CNN soutient que « la frustration ouverte de Trump envers les électeurs juifs est devenue un thème plus fréquent à la suite de sa défaite électorale de 2020… ». Entre autres choses, il s’est plaint que « les merveilleux évangéliques apprécient beaucoup plus [his Israel record] que les personnes de confession juive, en particulier celles qui vivent aux États-Unis »
Il a exhorté « les Juifs américains… à se ressaisir ».

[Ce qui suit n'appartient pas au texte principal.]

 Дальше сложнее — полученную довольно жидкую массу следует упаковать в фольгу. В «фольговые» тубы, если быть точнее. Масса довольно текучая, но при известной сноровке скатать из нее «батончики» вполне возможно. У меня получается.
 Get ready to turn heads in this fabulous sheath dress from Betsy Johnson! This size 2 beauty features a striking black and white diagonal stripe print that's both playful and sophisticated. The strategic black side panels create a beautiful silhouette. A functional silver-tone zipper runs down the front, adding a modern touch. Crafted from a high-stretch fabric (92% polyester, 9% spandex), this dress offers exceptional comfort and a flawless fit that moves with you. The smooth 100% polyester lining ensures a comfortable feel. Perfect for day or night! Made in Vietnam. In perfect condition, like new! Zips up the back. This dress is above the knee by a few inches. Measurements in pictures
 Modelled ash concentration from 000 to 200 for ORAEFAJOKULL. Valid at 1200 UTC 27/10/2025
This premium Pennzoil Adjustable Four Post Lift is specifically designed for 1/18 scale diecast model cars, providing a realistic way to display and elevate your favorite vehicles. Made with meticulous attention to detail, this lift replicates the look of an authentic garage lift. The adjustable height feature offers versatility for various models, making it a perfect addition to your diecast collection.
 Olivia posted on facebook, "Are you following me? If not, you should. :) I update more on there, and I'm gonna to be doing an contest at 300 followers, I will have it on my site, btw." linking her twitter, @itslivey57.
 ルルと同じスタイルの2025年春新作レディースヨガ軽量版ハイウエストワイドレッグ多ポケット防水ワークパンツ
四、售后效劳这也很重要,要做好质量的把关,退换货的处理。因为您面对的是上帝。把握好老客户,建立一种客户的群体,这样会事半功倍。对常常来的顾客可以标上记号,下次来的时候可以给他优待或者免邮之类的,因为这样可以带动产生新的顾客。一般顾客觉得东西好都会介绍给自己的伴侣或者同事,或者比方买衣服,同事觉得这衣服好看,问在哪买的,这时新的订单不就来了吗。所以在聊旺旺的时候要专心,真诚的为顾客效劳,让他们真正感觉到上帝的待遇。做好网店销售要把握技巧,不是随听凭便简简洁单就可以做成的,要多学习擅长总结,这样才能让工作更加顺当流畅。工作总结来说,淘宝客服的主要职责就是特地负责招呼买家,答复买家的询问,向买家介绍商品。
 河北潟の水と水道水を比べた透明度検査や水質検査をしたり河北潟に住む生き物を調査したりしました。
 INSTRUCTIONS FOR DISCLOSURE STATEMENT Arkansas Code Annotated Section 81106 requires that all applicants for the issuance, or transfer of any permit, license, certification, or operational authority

Et que devraient faire les Américains juifs pour se ressaisir et apaiser l’ego fragile de Trump ? Dans son discours à l’IAC, Trump n’a pas caché sa volonté de le faire.
La seule façon de lui exprimer sa gratitude serait d’obtenir 100 % des voix juives en novembre. Aux yeux de Trump, les Juifs lui doivent une loyauté totale. Toute autre forme de loyauté serait une trahison.
Il a énuméré tout ce qu’il a fait pour Israël et a ensuite précisé ce qu’il attendait en retour. « D’après ce que j’ai fait… je devrais avoir atteint le 100e anniversaire. »
Si les sondages sont exacts, Trump a encore un long chemin à parcourir pour atteindre cet objectif.
Alors qu’il affirme avoir désormais le soutien de 40 % des juifs américains, un sondage du Jewish Democratic Council of America (JDCA) publié le 9 septembre révèle quelque chose de différent. « 72 % des électeurs juifs soutiennent Kamala Harris, alors que seuls 25 % soutiennent Donald Trump dans un face-à-face », peut-on lire dans le sondage.
Le sondage JDCA a révélé que « l’avance de Harris sur Trump avec une marge de 47 points (72 %-25 %) est une amélioration par rapport à la marge de 41 points de Biden parmi les électeurs juifs en avril (67 %-26 %) par rapport à un sondage d’avril auprès des électeurs juifs réalisé par le Jewish Electorate Institute (JEI) ».
Et, dans une réprimande particulièrement cinglante à l’encontre de l’ancien président, il s’avère que « les électeurs juifs font plus confiance à Kamala Harris qu’à Donald Trump pour lutter contre l’antisémitisme par une marge de près de trois contre un (60 %-23 %).
En fin de compte, le discours de Trump sur l’antisémitisme en dit plus sur ses pathologies que sur ce qu’il ferait pour faire face à l’hostilité envers les juifs américains s’il revenait au Bureau ovale. En fait, il a peut-être même aggravé cette hostilité.
Mais cela ne semble guère importer à Trump. Ce qui compte pour lui, c’est que les Juifs américains se mettent au pas et fassent ce qu’il veut qu’ils fassent.